■ ACTIVITY: Retype all the data word for word.

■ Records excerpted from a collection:
___

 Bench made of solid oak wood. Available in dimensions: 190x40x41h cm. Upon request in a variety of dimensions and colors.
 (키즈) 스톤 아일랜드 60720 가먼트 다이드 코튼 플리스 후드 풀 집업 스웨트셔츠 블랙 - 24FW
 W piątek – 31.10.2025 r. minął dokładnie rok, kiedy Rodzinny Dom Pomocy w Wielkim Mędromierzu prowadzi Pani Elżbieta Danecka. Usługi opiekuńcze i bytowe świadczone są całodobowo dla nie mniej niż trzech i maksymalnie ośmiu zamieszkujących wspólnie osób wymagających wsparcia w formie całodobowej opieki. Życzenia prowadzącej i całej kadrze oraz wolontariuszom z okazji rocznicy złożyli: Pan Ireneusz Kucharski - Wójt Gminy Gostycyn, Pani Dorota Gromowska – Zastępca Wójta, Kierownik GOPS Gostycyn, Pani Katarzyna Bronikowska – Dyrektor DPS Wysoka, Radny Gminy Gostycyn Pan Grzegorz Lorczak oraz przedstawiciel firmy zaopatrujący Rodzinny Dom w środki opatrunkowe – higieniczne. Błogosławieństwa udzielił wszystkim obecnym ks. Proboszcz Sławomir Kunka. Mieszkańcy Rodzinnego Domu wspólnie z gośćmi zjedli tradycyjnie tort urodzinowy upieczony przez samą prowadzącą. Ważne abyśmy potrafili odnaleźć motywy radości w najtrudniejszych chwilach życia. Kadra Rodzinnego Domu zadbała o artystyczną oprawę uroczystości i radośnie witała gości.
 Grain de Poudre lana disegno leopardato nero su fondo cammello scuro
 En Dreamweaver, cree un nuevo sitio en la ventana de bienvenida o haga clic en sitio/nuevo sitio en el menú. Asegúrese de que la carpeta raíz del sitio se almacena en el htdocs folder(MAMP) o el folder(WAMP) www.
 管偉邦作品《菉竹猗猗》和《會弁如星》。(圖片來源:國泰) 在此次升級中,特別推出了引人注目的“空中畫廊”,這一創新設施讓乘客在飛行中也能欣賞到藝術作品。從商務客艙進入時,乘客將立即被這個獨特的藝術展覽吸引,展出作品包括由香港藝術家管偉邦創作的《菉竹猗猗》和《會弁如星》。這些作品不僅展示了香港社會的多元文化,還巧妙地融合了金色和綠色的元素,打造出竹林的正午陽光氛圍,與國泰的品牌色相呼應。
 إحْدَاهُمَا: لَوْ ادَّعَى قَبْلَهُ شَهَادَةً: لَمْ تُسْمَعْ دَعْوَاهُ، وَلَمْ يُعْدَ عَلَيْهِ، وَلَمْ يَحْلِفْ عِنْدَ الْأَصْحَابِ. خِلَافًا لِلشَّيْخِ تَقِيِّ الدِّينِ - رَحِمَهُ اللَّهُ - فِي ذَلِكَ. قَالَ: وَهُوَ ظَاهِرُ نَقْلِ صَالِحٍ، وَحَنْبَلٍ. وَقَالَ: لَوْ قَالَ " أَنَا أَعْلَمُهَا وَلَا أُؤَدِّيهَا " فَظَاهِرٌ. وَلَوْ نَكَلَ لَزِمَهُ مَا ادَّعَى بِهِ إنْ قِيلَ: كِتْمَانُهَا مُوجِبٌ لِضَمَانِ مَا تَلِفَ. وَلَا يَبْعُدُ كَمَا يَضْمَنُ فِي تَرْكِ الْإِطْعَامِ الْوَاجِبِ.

___

■ RESPONSE TO THE EXERCISE:
 Bench made of solid oak wood. Available in dimensions: 190x40x41h cm. Upon request in a variety of dimensions and colors.
 (키즈) 스톤 아일랜드 60720 가먼트 다이드 코튼 플리스 후드 풀 집업 스웨트셔츠 블랙 - 24FW
 W piątek – 31.10.2025 r. minął dokładnie rok, kiedy Rodzinny Dom Pomocy w Wielkim Mędromierzu prowadzi Pani Elżbieta Danecka. Usługi opiekuńcze i bytowe świadczone są całodobowo dla nie mniej niż trzech i maksymalnie ośmiu zamieszkujących wspólnie osób wymagających wsparcia w formie całodobowej opieki. Życzenia prowadzącej i całej kadrze oraz wolontariuszom z okazji rocznicy złożyli: Pan Ireneusz Kucharski - Wójt Gminy Gostycyn, Pani Dorota Gromowska – Zastępca Wójta, Kierownik GOPS Gostycyn, Pani Katarzyna Bronikowska – Dyrektor DPS Wysoka, Radny Gminy Gostycyn Pan Grzegorz Lorczak oraz przedstawiciel firmy zaopatrujący Rodzinny Dom w środki opatrunkowe – higieniczne. Błogosławieństwa udzielił wszystkim obecnym ks. Proboszcz Sławomir Kunka. Mieszkańcy Rodzinnego Domu wspólnie z gośćmi zjedli tradycyjnie tort urodzinowy upieczony przez samą prowadzącą. Ważne abyśmy potrafili odnaleźć motywy radości w najtrudniejszych chwilach życia. Kadra Rodzinnego Domu zadbała o artystyczną oprawę uroczystości i radośnie witała gości.
 Grain de Poudre lana disegno leopardato nero su fondo cammello scuro
 En Dreamweaver, cree un nuevo sitio en la ventana de bienvenida o haga clic en sitio/nuevo sitio en el menú. Asegúrese de que la carpeta raíz del sitio se almacena en el htdocs folder(MAMP) o el folder(WAMP) www.
 管偉邦作品《菉竹猗猗》和《會弁如星》。(圖片來源:國泰) 在此次升級中,特別推出了引人注目的“空中畫廊”,這一創新設施讓乘客在飛行中也能欣賞到藝術作品。從商務客艙進入時,乘客將立即被這個獨特的藝術展覽吸引,展出作品包括由香港藝術家管偉邦創作的《菉竹猗猗》和《會弁如星》。這些作品不僅展示了香港社會的多元文化,還巧妙地融合了金色和綠色的元素,打造出竹林的正午陽光氛圍,與國泰的品牌色相呼應。
 إحْدَاهُمَا: لَوْ ادَّعَى قَبْلَهُ شَهَادَةً: لَمْ تُسْمَعْ دَعْوَاهُ، وَلَمْ يُعْدَ عَلَيْهِ، وَلَمْ يَحْلِفْ عِنْدَ الْأَصْحَابِ. خِلَافًا لِلشَّيْخِ تَقِيِّ الدِّينِ - رَحِمَهُ اللَّهُ - فِي ذَلِكَ. قَالَ: وَهُوَ ظَاهِرُ نَقْلِ صَالِحٍ، وَحَنْبَلٍ. وَقَالَ: لَوْ قَالَ " أَنَا أَعْلَمُهَا وَلَا أُؤَدِّيهَا " فَظَاهِرٌ. وَلَوْ نَكَلَ لَزِمَهُ مَا ادَّعَى بِهِ إنْ قِيلَ: كِتْمَانُهَا مُوجِبٌ لِضَمَانِ مَا تَلِفَ. وَلَا يَبْعُدُ كَمَا يَضْمَنُ فِي تَرْكِ الْإِطْعَامِ الْوَاجِبِ.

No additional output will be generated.